LGBT Conference 2015 Addresses Black Transgender Murders
Thousands of advocates from around the country gathered Friday in downtown Denver for the second day of Creating Change, the 27th National Conference on LGBT Equality. This year’s conference is taking place amid a national conversation on disproportionate violence against certain members in the lesbian, gay, bisexual and transgender community. Four transgender women of color have been murdered in less than one month, according to media reports.
“This is nothing short of an outrage, a national tragedy and an epidemic,” Chai Jindasurat, who coordinates programming with the National Coalition of Anti-Violence Programs, told BuzzFeed News in a statement Friday.
Authorities are investigating the murder of 36-year-old Taja Gabrielle DeJesus, who was stabbed to death Sunday morning in San Francisco, SF Weekly reported. Less than two weeks earlier, another California transgender woman of color was fatally stabbed in Los Angeles. Firefighters found the 33-year-old woman who went by Yazmin Payne at the scene of an apartment fire Jan. 31. A 25-year-old man, believed to be Payne’s boyfriend, was arrested Sunday on suspicion of murder, according to local news station KNBC.

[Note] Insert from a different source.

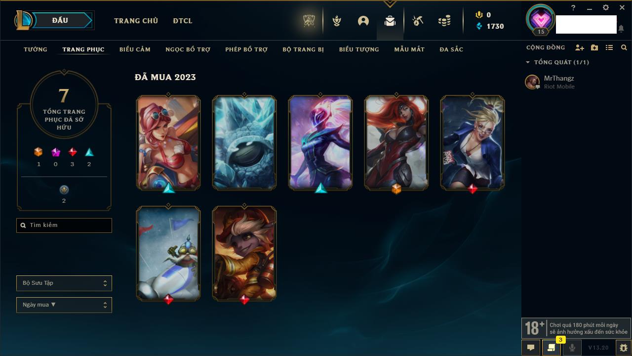 Rank Đơn: Chưa rank mùa nàoKhung: Chưa có khungTướng: 157 - Còn 2079 THXTrang Phục: 11Rank ĐTCL: Chưa RankLinh Thú: 70

Two other transgender women of color— one in Virginia and another in Texas — also were killed within the last month. Lamia Beard, 30, was fatally shot Jan. 17 in Norfolk, Virginia. Police investigating Beard’s death referred to her exclusively as a man, and an article in the Virginian-Pilot implied Beard was likely a prostitute, BuzzFeed News reported.
“The harm of the media misgendering and victim-blaming is that it sends a message to the public that these homicides are not as serious, and that somehow transgender people deserve it,” Jindasurat told BuzzFeed News last month.
Texas resident Ty Underwood, 24, a transgender woman of color who was murdered in a shooting Jan. 26, also was referred to as a male in local media reports. Police have not yet classified the deaths of Underwood and Beard as hate crimes, and the investigations are ongoing.
Misgendering victims makes it difficult to track the rates of homicides and assaults among transgender people. The Federal Bureau of Investigation released its annual hate crime report in December that showed only 33 people in the United States were hate crime victims targeted for their gender identity in 2013. However, the National Coalition of Anti-Violence Programs also released a report that found 344 transgender people were targeted in hate crimes in 2013.
The National Coalition of Anti-Violence Programs report also found 72 percent of LGBTQ homicide victims in 2013 were transgender women, while 67 percent were transgender women of color. (The "Q" can stand for "questioning" or "queer.")
In the wake of the recent murders, the Gay & Lesbian Alliance Against Defamation (GLAAD) organized a daylong event at the Creating Change conference Thursday focused on building communities across race, class and cultural barriers to protect the greater transgender community against systematic abuse and violence.
“The pervasive negative impacts of this anti-transgender bias coupled with structural racism have been especially devastating for transgender people of color and has caused transgender women of color, particularly black transwomen, to be murdered on our streets with seeming impunity,” Ross Murray, a GLAAD director of programs, wrote in a post on the group’s website Thursday.
People at the three-day conference expressed support on social media for the slain transgender women of color. Advocates also compared the recent death of lesbian Latina teenager Jesse Hernandez with the fatal shooting of black teenager Michael Brown in Ferguson, Missouri. Hernandez, 17, was fatally shot last week behind the wheel of a stolen car by police in Denver. Nearly 100 transgender people and demonstrators took over the stage at the conference Thursday, protesting Hernandez's death and demanding solidarity from LGBT advocates, according to the Advocate.